MYTH #7: Everyone pays the fairest rates. Government-run auto eliminates rating based on "discriminatory" factors such as age, gender and marital status, which are used by private insurers in their risk-based rating system. FACT: This means that government-run plans discriminate against older, safer drivers and subsidize younger, higher risk drivers. Further, government-run insurers find other ways to rate according to risk. ICBC's RoadStar program is one example of a government insurer implementing an age-based rating through the back door. A driver who gets his/her licence at the age of 16 does not qualify for the discount until age 25. Coincidentally, 25 is the age risk-based raters (private insurers) use to indicate safer drivers. What is more, a driver has to be at least 34 years old to qualify for ICBC's absolute best rate. ICBC is attempting to have higher risk drivers pay higher premiums. In recent years, ICBC has also stated that it needs "right pricing" to ensure that customers are paying the premiums required for the risk they represent. MYTH #8: A government-run insurance company can be started for $2 million. There will be no cost to the taxpayers. The system will be funded by drivers. FACT: At a very minimum, the cost of government-run auto to taxpayers will equal the worth of foregone insurance taxes, which a government has to recoup elsewhere. In PEI, the lost taxes would amount to an estimated $2.9 million annually. In addition, despite paying back start-up loans, every government-run insurer in Canada has required a taxpayer bailout, whether through direct cash injections or through dedicated tax revenues. In early 1976, less than two years after their start-up day, ICBC required a bailout of $181 million ($600 million in today's dollars). None of that money was ever paid back. In addition, just 24 months after its inception, ICBC required both a massive bailout and a 25% rate increase.

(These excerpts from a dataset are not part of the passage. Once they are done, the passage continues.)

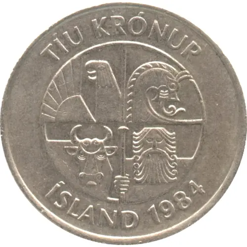 | Obverse lettering | TÍU KRÓNUR ÍSLAND 1984 (Translation: Ten Krónur Iceland) |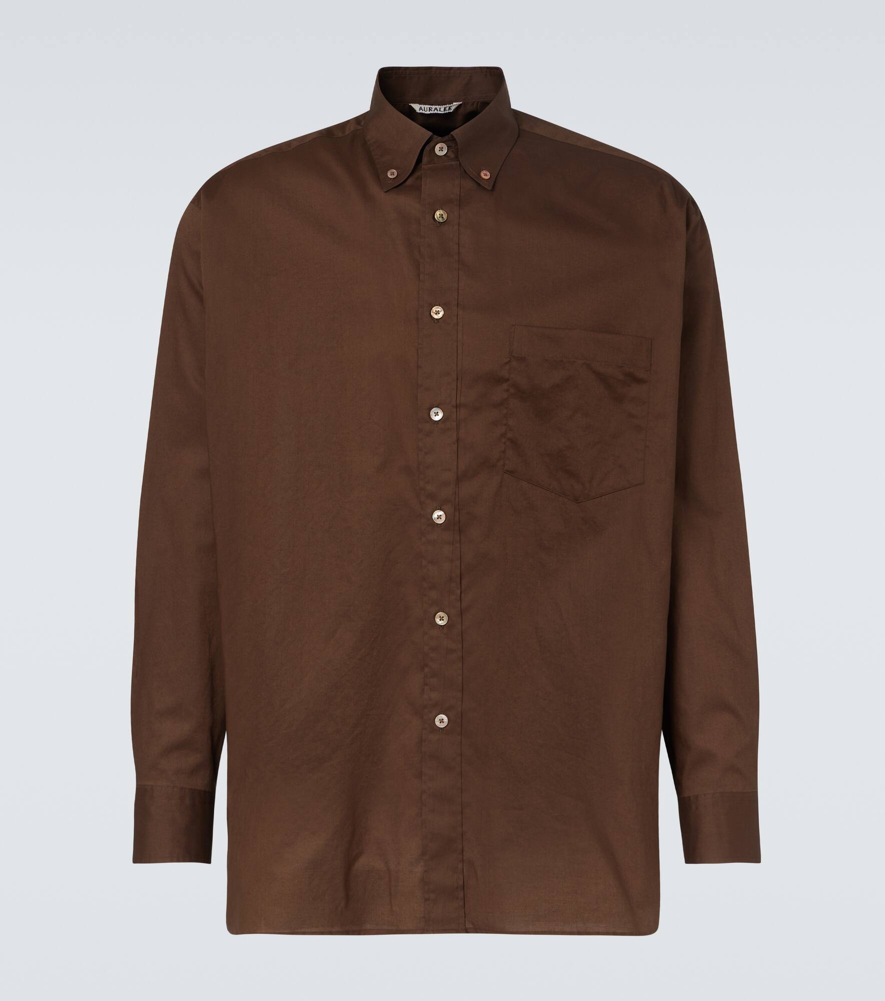 Look to Auralee for simple, sophisticated designs like this shirt. It's thoughtfully crafted into an oversized silhouette from pure cotton that undergoes repeated washing and kneading to reduce stiffness. Product Details - Material: 100% cotton - Care instructions: machine wash cold - Made in Japan - Designer color name: Dark Brown - Item color: brown - Office shirt - Collar: button-down - Pockets: angled chest pocket - Cuff: one button - Item number: P01029200 Size & Fit - True to size - Dropped shoulders - With pleats in the back - Designed for a loose fit - Non-stretchy fabric - Falls below the hip - Height of model is 189cm-74.5" and wears a size 5
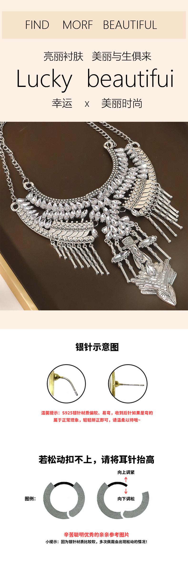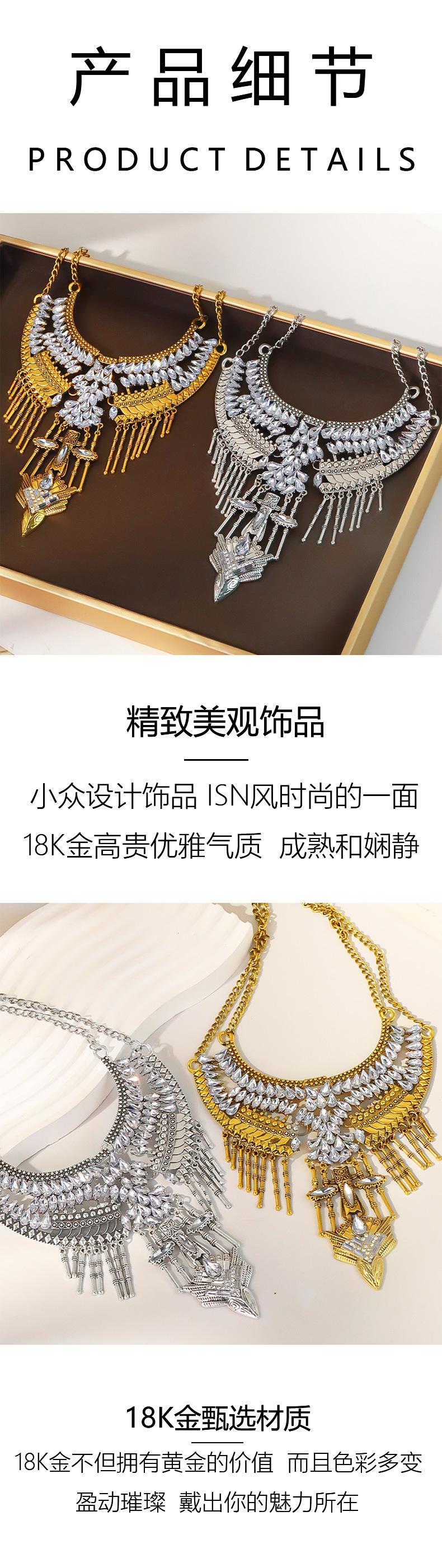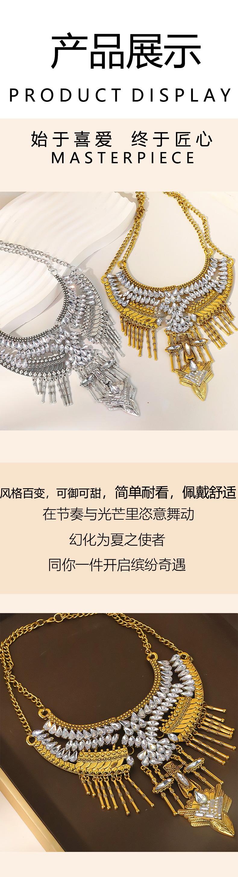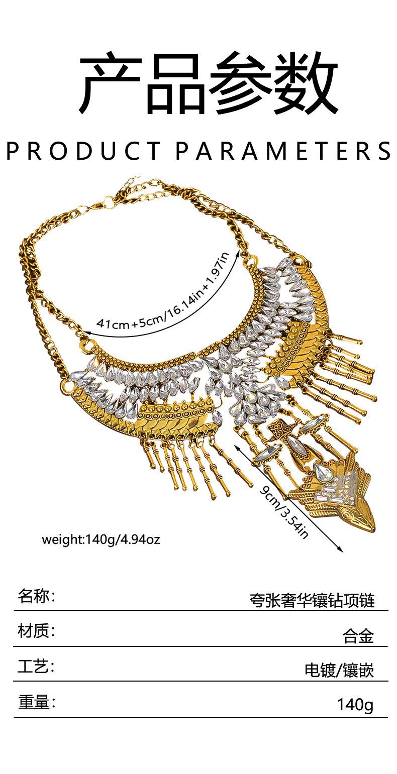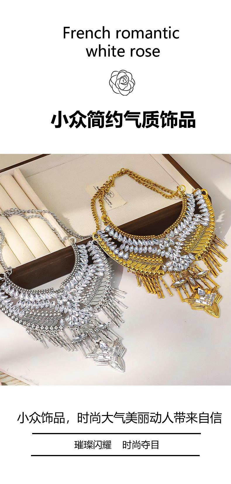 Collar retro bohemio transfronterizo europeo y americano, tendencia de personalidad de moda femenina, temperamento exagerado, cadena de clavícula con borla de diamantes

MYTH #9: Government-run auto insurers pay dividends to policyholders. FACT: The fact is that MPI in 2001, and ICBC in 2000, did pay dividends to policyholders. However, advocates of government-run auto insurance have failed to mention that MPI had a deficit of $97 million following that surplus distribution and had to transfer $93 million from its capital surplus reserves to pay for the distribution. This reserve has been declining steadily and now has $35 million in it, down from $143 million in 2001. Increasing claims pressure (claims costs in 2001 were $30 million more than expected) and a severe weather event would drain this reserve very quickly. MPI estimates that a severe hailstorm could increase claims by as much as $50 million (2001 annual report). In ICBC's case, the year following the dividend, the corporation lost $250 million. It couldn't afford the dividend but paid it out prior to an election. In exchange for the $100 each, drivers had their deductibles doubled, premiums raised and many were transferred into more expensive rating territories. ICBC paid for this giveaway through a reduction in reserves, which are now at dangerously low levels. This dangerous, politically motivated "dividend" is a perfect example of what would be wrong about government owned insurance, not what would be right about it. This is not how to run a business. Finally, dividends are not unique to government-run insurers. Policyholders in private insurance markets can also receive policyholder dividends, where the financial situation of the company warrants, if they are policyholders with mutual companies. MYTH #10: Government-run auto insurance makes for safer roads. FACT: This has not be proven to be true in BC. BC's incidence of uninsured drivers is estimated to be about the same as that of other provinces. In fact, data/estimates from provincial ministries of transportation indicate that the incidence of uninsured drivers is lower in both Prince Edward Island and Nova Scotia as compared to BC. The British Columbia Ministry of Transportation reported that 65% of persons prohibited from driving in BC continue to drive without insurance. This alone represents at least 10,000 uninsured drivers on BC's roads. Furthermore, BC injury and fatality rates the other hand, is well above the national average for injuries and deaths from motor vehicle accidents. Government-run insurance does not create safer roads.